PagerDuty Blog

Putting the “Action” in Actionable Intelligence

AIOps combines machine learning and people to deliver technical outcomes in IT operations. The promise of this capability continues to drive new contenders to the market. AIOps has become a core messaging component for all the major event management players. Many have just rebranded their products to specifically highlight AIOps features. Emerging event management players have arrived and tried to also claim the AIOps space. Nearly all the observability and APM vendors have done the same, claiming that they are now the AIOps tool of choice.

What Is AIOps? 

But let’s take a step back and be real for just a minute. AIOps is not a tool; it is a set of capabilities. Accordingly, AIOps as a product set is difficult to define — akin to claiming your tool is the DevOps tool of choice. Even industry-leading analysts have similarly disagreed on what the core approach of AIOps should be and what the specific heuristics of AIOps are. Despite these discrepancies, we, as practitioners, can safely bucket the vast majority of AIOps solutions into two core camps.

Option #1: Application Monitoring 

Application monitoring tools own the first camp. This monitoring-centric approach aims to leverage metrics, KPIs, logs, and so on, and use machine learning and trend analysis to make predictions, allowing for smarter alerting sooner. The upside is that by monitoring everything, you can potentially get closer to a root cause. The downside is that you either end up replicating monitoring or having to rip and replace large portions of your current toolset to leverage these toolsets. In addition, instrumenting all your networking, storage, applications, performance monitoring, and more with a single tool can be costly, especially when replacing “good enough,” monitoring tools.
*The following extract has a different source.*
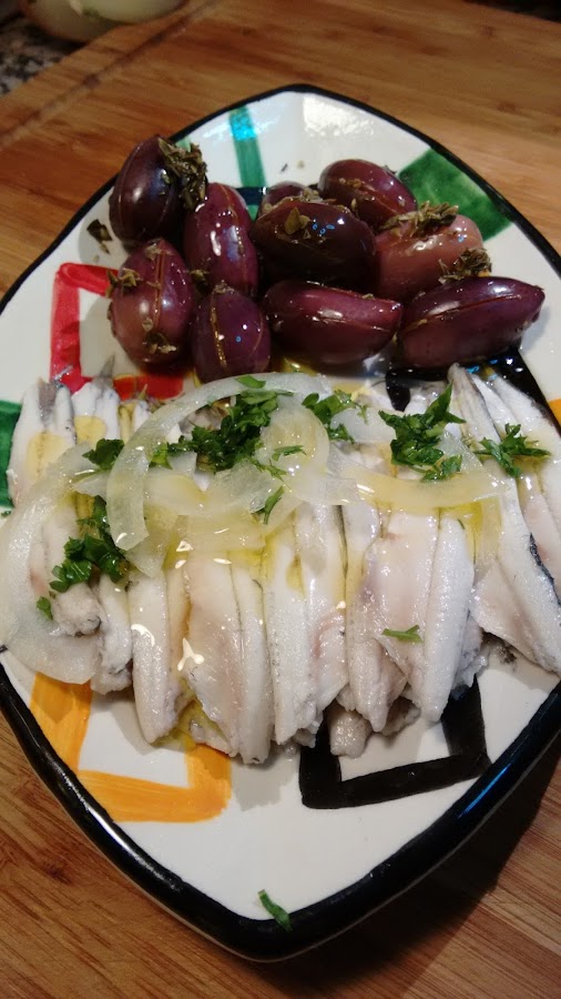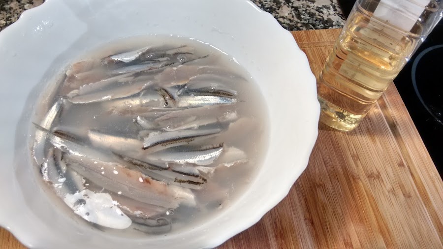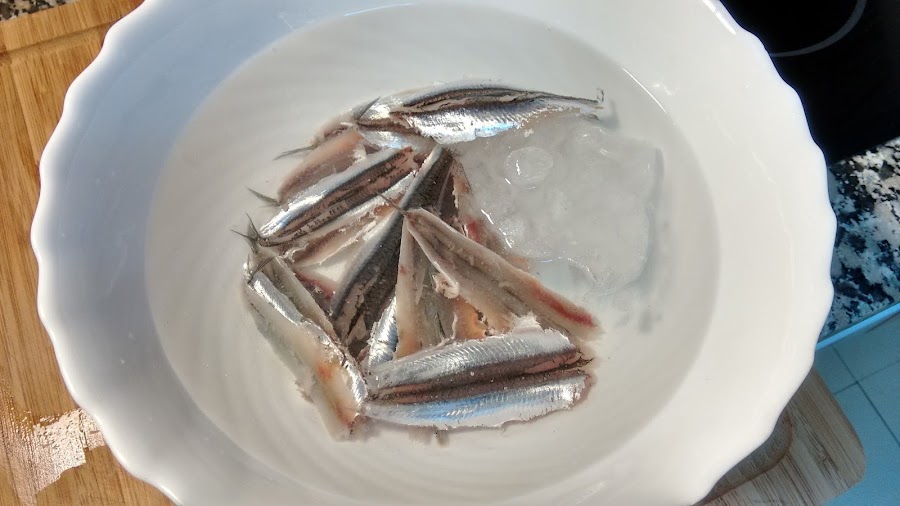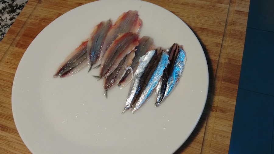 Quitar la cabeza, vísceras y la espina central de los boquerones. Yo lo hago debajo del grifo, dejo caer un hilo de agua, de esta forma la sangre resultante del descabezo no se queda en el boquerón.

Option #2: Event Management

The second approach is event-management led. This group of solutions maintains a domain- agnostic view by integrating disparate monitoring, and you end up with a centralized-NOC capability type that focuses on a single-pane-of-glass outcome. This approach drives the promise of centralizing all the disparate information, ideally to make better decisions. However, you may end up with a bottleneck of capabilities, as you have to have a centralized place to update rules. Moreover, sizing the solution can be difficult as many vendors have different charge metrics based on data like peak usage, average daily usage, number of nodes, or number of event sources.

What both approaches leave out is that even if you can get to the “perfect” root cause, the “now what?” is missing. How do you fix the problem? Teams who use these solutions would still be left with critical questions that help with the actual firefight. What service is affected? Who owns that service? Who is on call for it? What are the diagnostics required? What automation can be deployed? 

Without these answers, restoring service can be painful.

A Better AIOps Solution 

PagerDuty is taking up this challenge to solve the real-time work issue most AIOps solutions ignore. We help reduce noise, create the context to isolate the root cause, and drive automation to reduce toil and restore service. With PagerDuty, teams can leverage a full-service ownership approach to help the builders and innovators drive solutions to market faster than their competitors and iterate value for their clients. Rather than any kind of rip and replace, we leverage the tools, teams, and capabilities you already have in place to quickly help you with tactical operational wins while supporting you as you build broader strategic advantages for Digital Transformation.

Automation First Approach 

Our automation-first approach can transform how your teams work today by leveraging Rundeck, our runbook orchestration platform, as your first responder. Using Rundeck, teams can often resolve issues without ever mobilizing a team. This automated resolution can greatly improve MTTR, but just as importantly, it can allow your subject matter experts to stay focused on their day jobs. If automation can’t immediately resolve the issue, our automated diagnostics can create context for first responders so they can understand affected services, customer impact, and SLA implications. That way, they can gather information from logs, scripts, and procedures that will guide them to driving their automated responses. This all creates a comprehensive audit trail that improves post-mortems and ITSM problem management to avoid issues in the future.

Our platform leverages an API configuration capability that allows for larger organizations or multiple teams to manage through self-service. So rather than being dependent on a centralized team to update rules or manage configurations, administrators can leverage repositories and tools such as Terraform to ensure teams quickly get updates they need without the gridlock of centralized-only capabilities.

We believe an automation-first, data-driven, self-service approach that brings teams and machine learning together to fix problems rather than just find root cause delivers on the true promise of AIOps. Leveraging your good-enough and best-of-breed monitoring where appropriate, this domain-agnostic approach allows you to focus on getting the right information to the right people at the right time when seconds count. By putting the action in actionable intelligence, we can reduce noise and alert fatigue, enable first responders to fix problems, reduce toil, and allow builders and innovators to deliver new capabilities instead of just chasing incidents.